The Court recognized that even though it would be disproportionately burdensome for the defendant to have to collect and produce information about unreleased, abandoned, and future products (at least in the preliminary injunction context), it cannot redact information about those products from otherwise responsive documents:

Wahoo also moves to compel Zwift to remove redactions included in its document production served on February 17, 2023, to the extent that those redactions relate to Zwift’s unlaunched, abandoned, and future products. . . . According to Wahoo, these redactions were not identified as privilege-related redactions, and Zwift confirmed that it redacted information on “non-accused products” on relevance grounds. . . .

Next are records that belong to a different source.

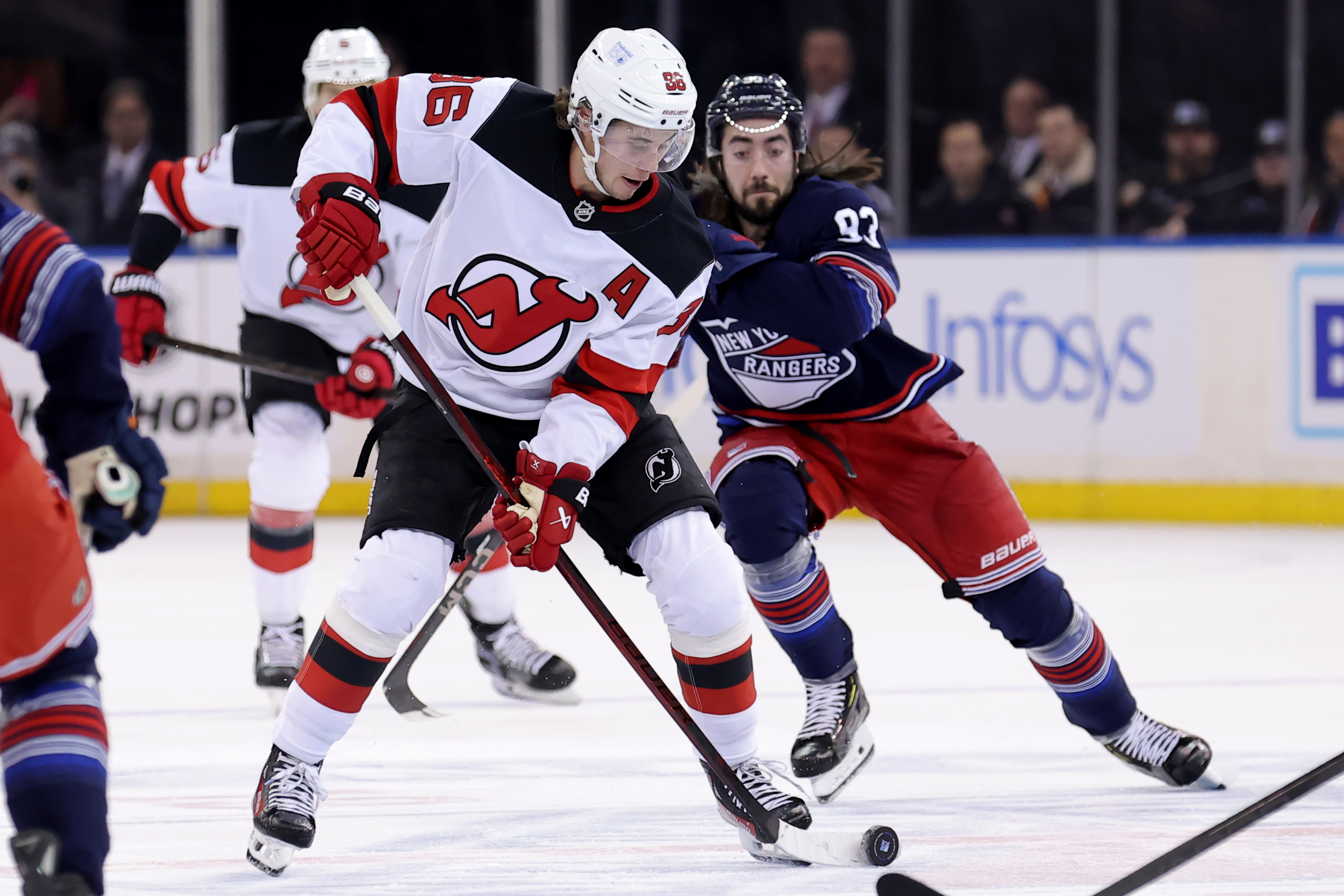 Less than five minutes later, he earned the primary assist on Jesper Bratt's goal, which was, at that time, the go-ahead goal. It was his third consecutive multi-point performance against the Rangers.
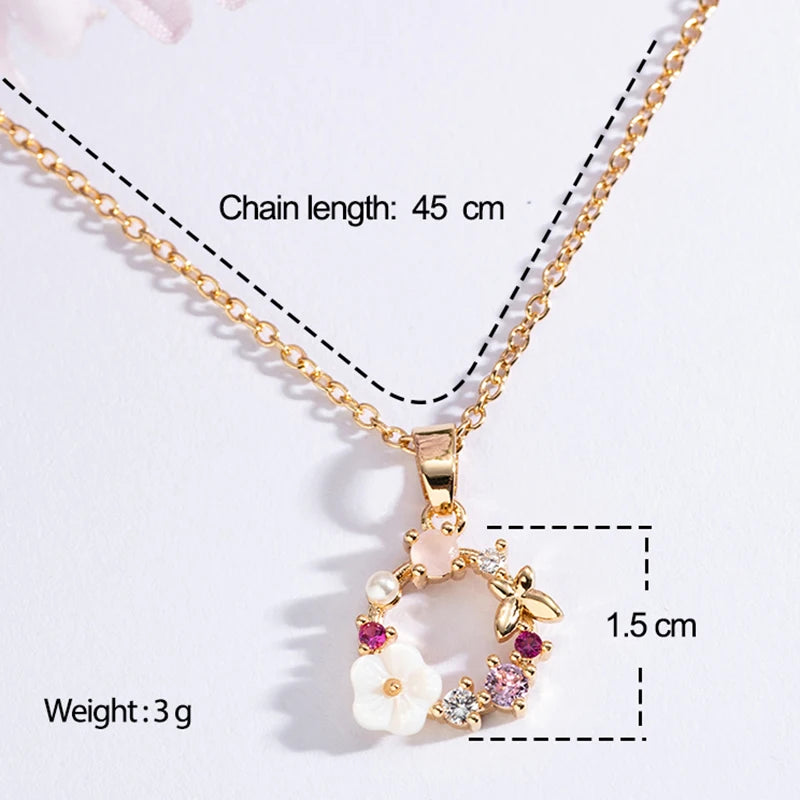 This jewelry set pairs a floral pendant necklace with matching earrings, crafted with natural shell blossoms, luminous pearls, and precision-cut crystals. Finished in radiant gold, rose gold, or silver, it captures timeless romance in a feminine circle of light.
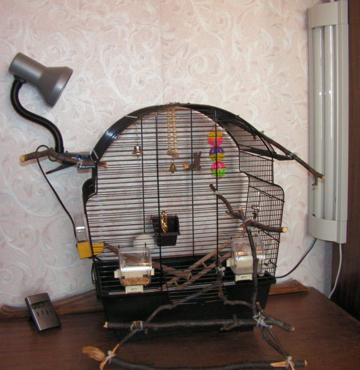 The optimum temperature for breeding birds is from 20 to 24 degrees. Humidity must be high - 70%.. To create such conditions, it is necessary to additionally purchase a lamp, put sponges with water in the cage, and, of course, purchase a thermometer with a hygrometer. Of course, the cage itself should be spacious for birds. They must move freely on it, without the risk of injury to the wings on the rods.
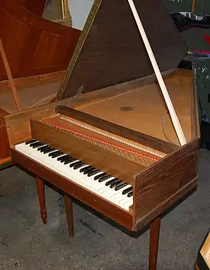 As the authenticist movement developed, it grew ever more devoted to historical rather than revival-style technology. Plexiglas or metal upper and lower guides were abandoned for the historical wooden guides, heavy jack end pins were abandoned, piano-style keyboards were replaced by the lighter historical type,[18] and steel piano-wire strings were replaced by iron or brass. The authenticist instruments have largely vanquished the heavy revival instruments of the earlier 20th century.[19]
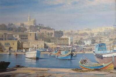 KENNETH DENTON (AMERICAN B. 1932) "MGARR HARBOUR, GOZU MALTA"
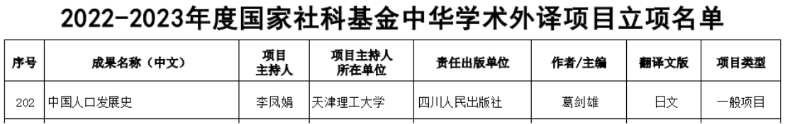 近日,2022-2023年度国家社科基金中华学术外译项目立项名单公布,全国共有234项课题获批立项,天津市获批7项,米兰语言文化学院日语系副教授李凤娟日译的《中国人口发展史》项目获批立项。
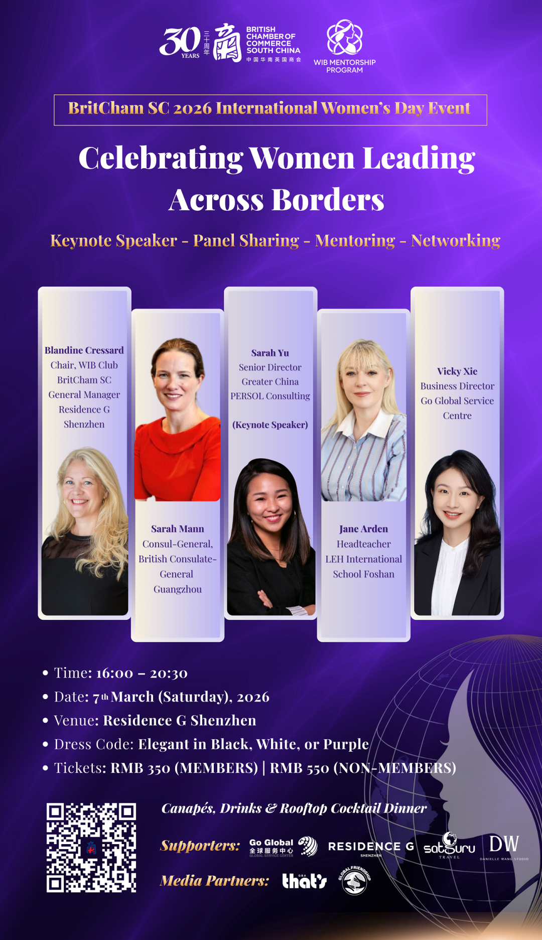 In celebration of International Women's Day and in response to the growing need for women's leadership development in South China, the British Chamber of Commerce South China will host "Women Leading Across Borders: Building the Future Together" on March 7.

Wahoo’s motion to compel Zwift to remove redactions relating to its unlaunched, abandoned, or future products from previously produced, nonprivileged documents is GRANTED. Zwift’s arguments on burden and proportionality do not logically extend to documents which it already produced, and Zwift’s 30(b)(6) testimony on this subject matter has negated the reasons for redacting the material in the first instance.

This is consistent with other times where the Court has held that relevancy redactions are not a thing.